= Universities Central Council on Admissions =

Universities Central Council on Admissions (UCCA) provided a clearing house for university applications in the United Kingdom from its formation in 1961 until its merger with PCAS (Polytechnics Central Admissions System) to form UCAS in 1993.

== History ==
UCCA was created in response to concerns during the 1950s that the increase in university applications was unmanageable using the systems then in place, where each student applied individually to as many institutions as they chose. This concern led to the Committee of Vice Chancellors and Principals (CVCP) setting up an ad-hoc committee in 1957 to review the matter; this committee in its Third Report of January 1961 recommended the setting up of a central agency, which subsequently became known as UCCA. Its First and Second Reports had already made a number of recommendations aimed at harmonising admissions procedures across different universities.

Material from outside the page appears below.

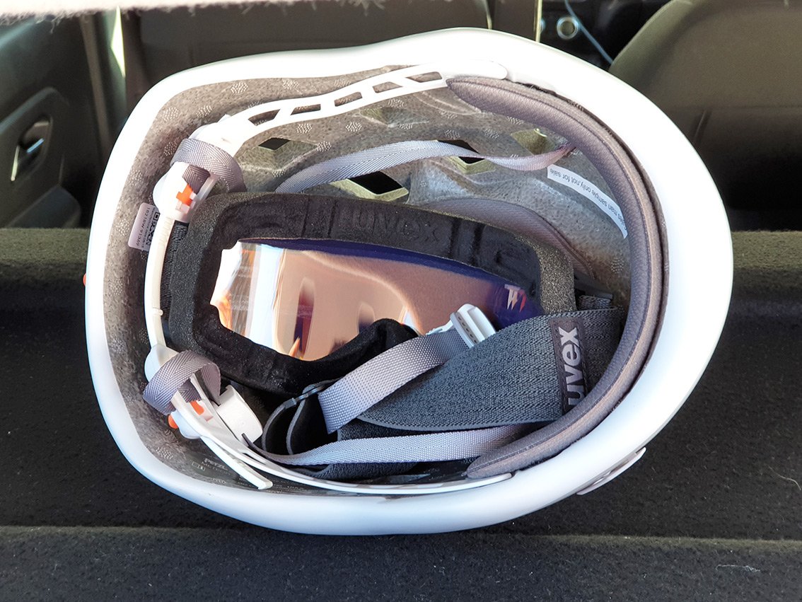 Man hat also genau genommen immer 2 unterschiedliche Glastönungen dabei, für jedes Wetter quasi die richtige Sichtoption. Und siehe da – obwohl die PVC-Scheibe (Glas ist es ja nicht) unter dem bunten Glas eine leichte Gelbtönung hat, sieht man damit in der Nacht beim Abfahren mit der Stirnlampe perfekt. Wir waren echt überrascht, wie klar und gut man gesehen hat, einer von uns hatte sogar einmal keine Stirnlampe mit und musst quasi vom anderen Lichtkegel bedient werden – kein Problem mit der Uvex g.gl 3000 To.

The name UCCA referred originally to the management board (the Central Council) overseeing the new process, but soon came to refer to the organisation responsible for its day-to-day operation. With Ronald Kay as its chief executive, this was based initially in London at 29 Tavistock Square, in premises of the University of London, and moved to Cheltenham, Gloucestershire in 1968. UCCA was planned to start by October 1963. The new scheme had a pilot year handling a subset of applications for entry in 1963, and its first full year of operation handled admissions for 1964. The first year in 1963 was only for engineering and technical departments, with all departments from October 1964.

===People===
Assistance at the start came from Prof H.R. Pitt, Professor of Maths at the University of Nottingham and Mr A Plumb, the University of Nottingham registrar, with Prof L.C. Sykes, Professor of French at the University of Leicester. Students could apply to four universities.

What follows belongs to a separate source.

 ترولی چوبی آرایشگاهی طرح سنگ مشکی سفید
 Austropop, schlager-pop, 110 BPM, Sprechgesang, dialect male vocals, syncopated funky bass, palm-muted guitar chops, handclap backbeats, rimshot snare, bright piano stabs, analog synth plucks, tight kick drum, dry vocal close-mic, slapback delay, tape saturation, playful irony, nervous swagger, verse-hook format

The chairman was John Fulton, Baron Fulton, the Vice Chancellor of the University of Sussex. Also on the committee was Geoffrey Templeman, the registrar of the University of Birmingham from 1955, and later the chairman for six years in the late 1960s.

===Antecendents===
The scheme was essentially a collaborative venture between independent universities, and membership was voluntary. Most English universities joined from the start. The scheme didn't include medical and dental schools at London, Aberdeen, Glasgow, St Andrews or any university departments at Belfast - individual applications for these university departments had to be made. Belfast had around 90% of all Northern Ireland applicants, so Belfast didn't need to join, at first.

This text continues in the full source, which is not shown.